GOAL OF THE EXERCISE -
The entries below contain pictures. Write out only the lines from the line with "Puterea si gloria, roman" up to and including the line with "电视墙简洁的墙面基础,墙脚以", exactly, without them.

RECORD EXCERPTS -
^^^^
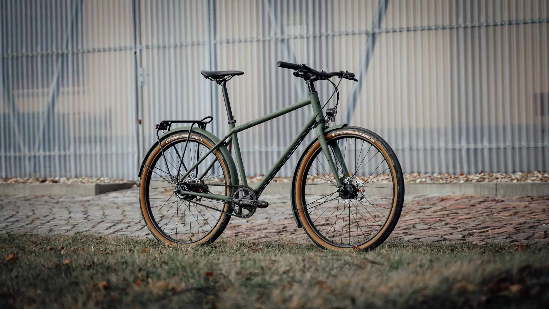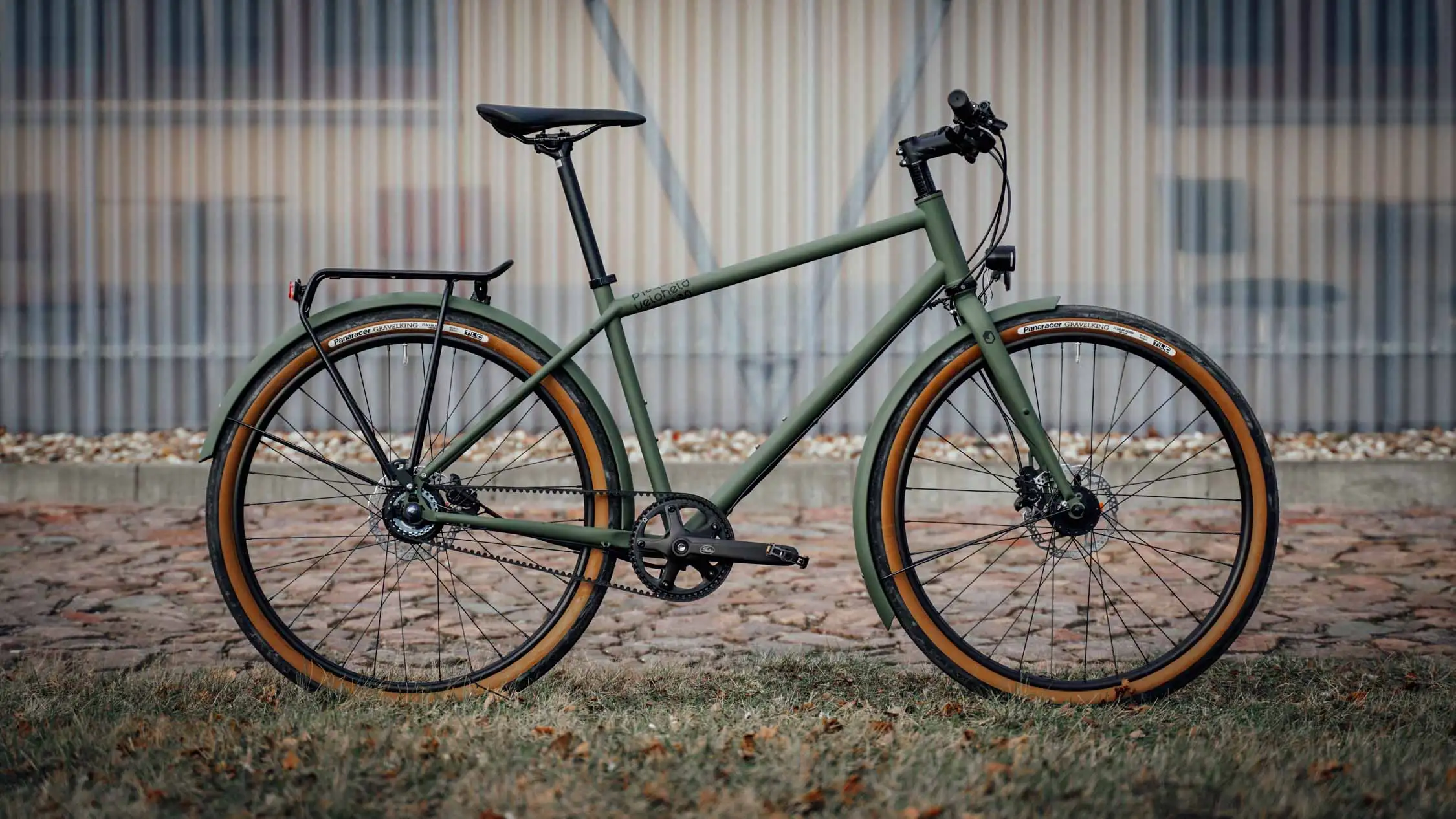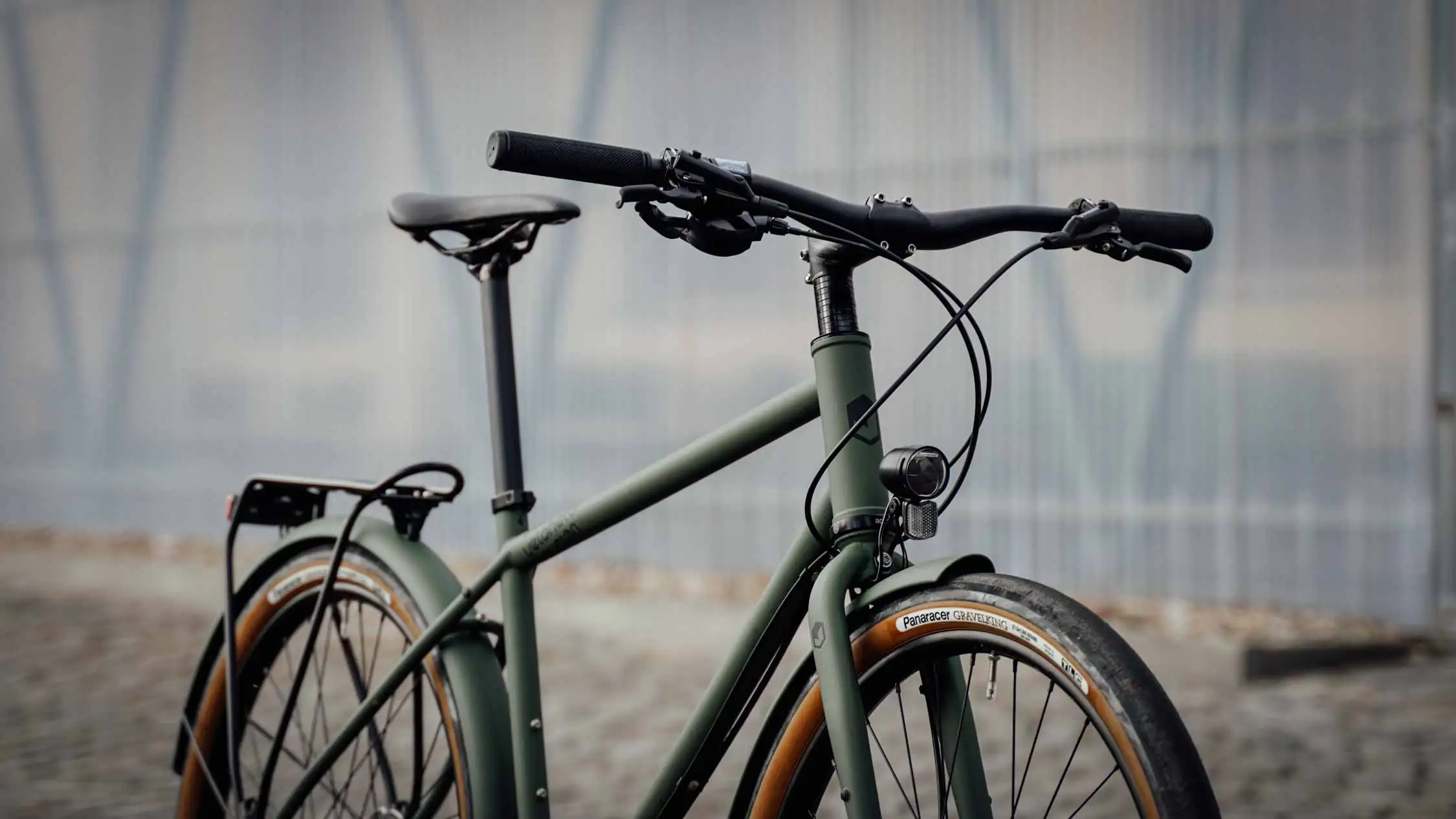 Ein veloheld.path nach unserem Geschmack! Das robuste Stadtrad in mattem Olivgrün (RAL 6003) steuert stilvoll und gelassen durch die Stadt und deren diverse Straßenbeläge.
^^^^
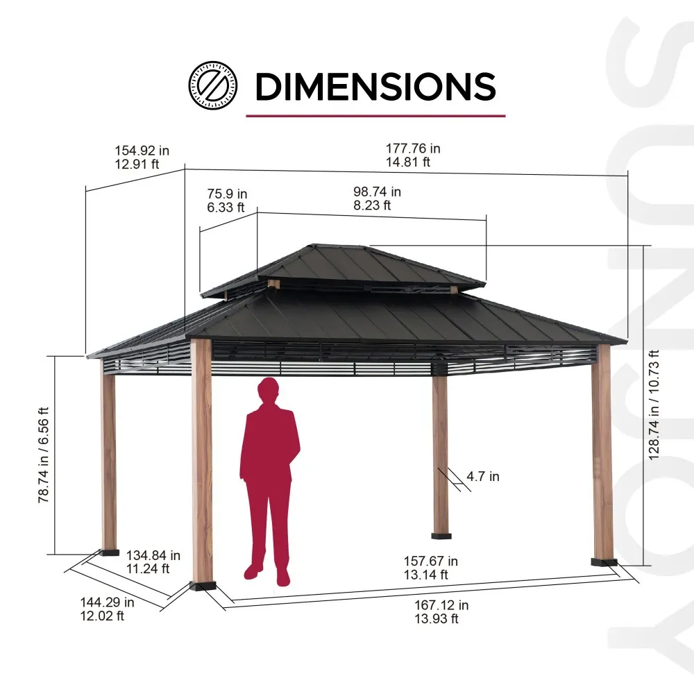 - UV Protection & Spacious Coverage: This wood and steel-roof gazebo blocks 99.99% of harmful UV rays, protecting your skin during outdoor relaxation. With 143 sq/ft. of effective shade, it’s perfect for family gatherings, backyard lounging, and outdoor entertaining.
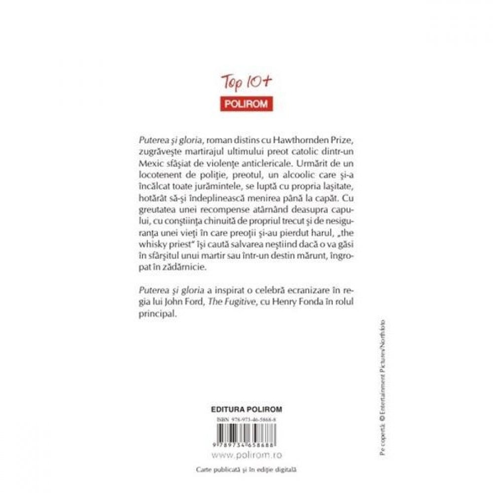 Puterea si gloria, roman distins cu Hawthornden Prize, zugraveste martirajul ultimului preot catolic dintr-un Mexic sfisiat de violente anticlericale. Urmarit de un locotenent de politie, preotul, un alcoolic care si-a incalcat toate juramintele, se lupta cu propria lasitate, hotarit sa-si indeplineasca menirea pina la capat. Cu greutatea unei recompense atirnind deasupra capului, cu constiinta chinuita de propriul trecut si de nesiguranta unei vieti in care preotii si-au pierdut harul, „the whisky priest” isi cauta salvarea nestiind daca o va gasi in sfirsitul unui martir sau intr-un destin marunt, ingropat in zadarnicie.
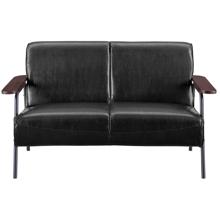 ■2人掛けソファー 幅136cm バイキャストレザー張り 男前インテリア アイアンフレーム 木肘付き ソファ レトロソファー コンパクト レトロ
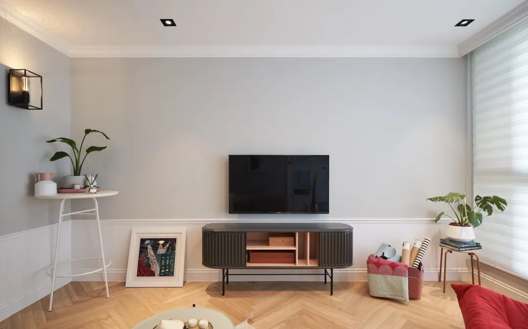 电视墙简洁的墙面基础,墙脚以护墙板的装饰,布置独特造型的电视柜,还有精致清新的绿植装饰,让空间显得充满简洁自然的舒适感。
^^^^
OUTPUT OF THE TASK -
 Puterea si gloria, roman distins cu Hawthornden Prize, zugraveste martirajul ultimului preot catolic dintr-un Mexic sfisiat de violente anticlericale. Urmarit de un locotenent de politie, preotul, un alcoolic care si-a incalcat toate juramintele, se lupta cu propria lasitate, hotarit sa-si indeplineasca menirea pina la capat. Cu greutatea unei recompense atirnind deasupra capului, cu constiinta chinuita de propriul trecut si de nesiguranta unei vieti in care preotii si-au pierdut harul, „the whisky priest” isi cauta salvarea nestiind daca o va gasi in sfirsitul unui martir sau intr-un destin marunt, ingropat in zadarnicie.
 ■2人掛けソファー 幅136cm バイキャストレザー張り 男前インテリア アイアンフレーム 木肘付き ソファ レトロソファー コンパクト レトロ
 电视墙简洁的墙面基础,墙脚以护墙板的装饰,布置独特造型的电视柜,还有精致清新的绿植装饰,让空间显得充满简洁自然的舒适感。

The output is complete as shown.